• Why Youth Collaborations Are Better For Brands

    By Eugene Chuang on May 24 , 2017

    This year, Huntington and IKEA are once again collaborating on the IKEA Young Designer Award, a nationwide, tertiary-level product design competition that seeks to improve the way we live at home.

    The search for Singapore’s best young designer continues as the competition opens its doors to foreigners, and aligns with the theme of What Design Can Do, a global design sustainability challenge jointly organized by the IKEA Foundation and the Autodesk Foundation.

    As a branding agency, we have and continue to see a growing importance in championing youth collaborations.

    Positive outcomes from youth engagement

    Research has shown that youth involvement is beneficial to both brands and youth themselves. Programmes that are jointly developed with youth are more likely to be effective at engaging the public and consequently, enjoy a greater impact.

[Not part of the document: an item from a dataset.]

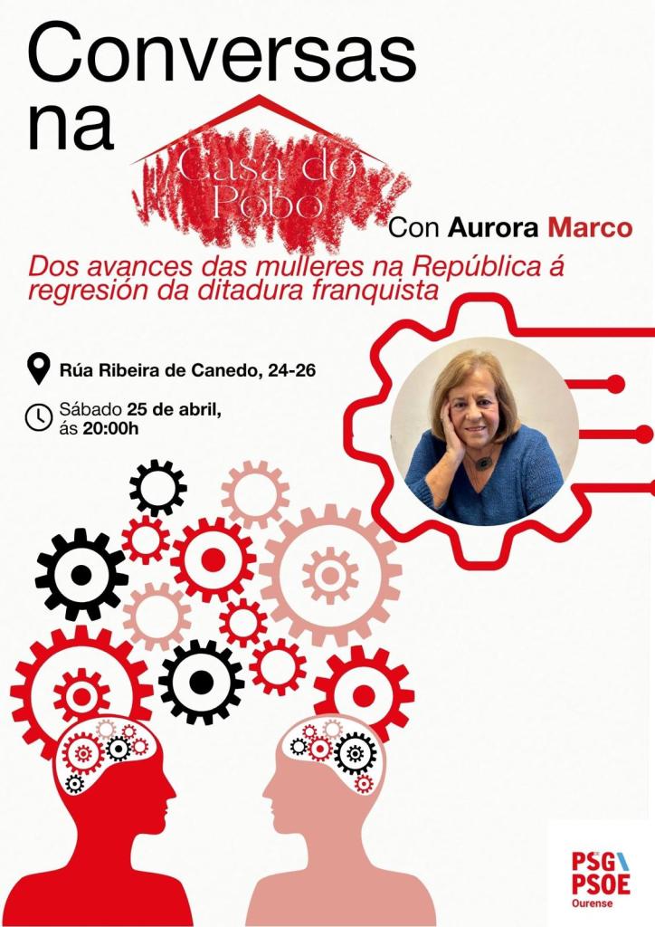 Nesta ocasión, a convidada de honor será Aurora Marco, quen ofrecerá unha charla baixo o título “Dos avances das mulleres na República á regresión da ditadura franquista”, na que abordará a evolución dos dereitos feministas ao longo da historia recente de España, poñendo o foco nos logros acadados durante a Segunda República e o retroceso sufrido durante o franquismo.

    It is also observed that youth who are involved in the decision-making process increases the likelihood that their decisions and recommendations will be accepted and adopted by the public.

    Perhaps most important of all, studies also show that empowering youth to identify and respond to societal needs shapes them to be more empathetic and insightful individuals, while positively impacting their future careers.

    A case study

    Take the winner of last year’s IKEA Young Designer Award as an example. Mr Loren Lim, an industrial design graduate from the National University of Singapore (NUS) won the votes of the judges with his range of kitchen and dining tools for one-handed individuals.

    Titled ‘Oneware’, the range includes a mat with bumps to hold plates and other utensils in place while they are being scrubbed, and a table pad with a curved surface that makes picking up kitchen utensils easier.

    Loren Lim and his inclusive-oriented solution (1)

    Loren engaged with organizations such as the Disabled People’s Association of Singapore and SG Enablers as part of his research. His spark of genius came when he observed a woman with a congenital arm defect having difficulties handling everyday household chores.

    While it isn’t clear if Loren’s design will go into mass production, his concept has certainly caught the attention of both local and international organizations alike, proving that youth such as himself can positively influence the way we approach the toughest community challenges, while inspiring future generations to adopt a more creative design approach.

    Lim Tian Hwee Loren presenting his inclsuive oriented solution to the judges and audience (1)

    Point for Reflection

    As we move past 2017 and beyond, we believe that youth collaborations are here to stay. It is only a matter of how organizations and agencies can harness the such a partnership for a greater impact for both the brand and the community.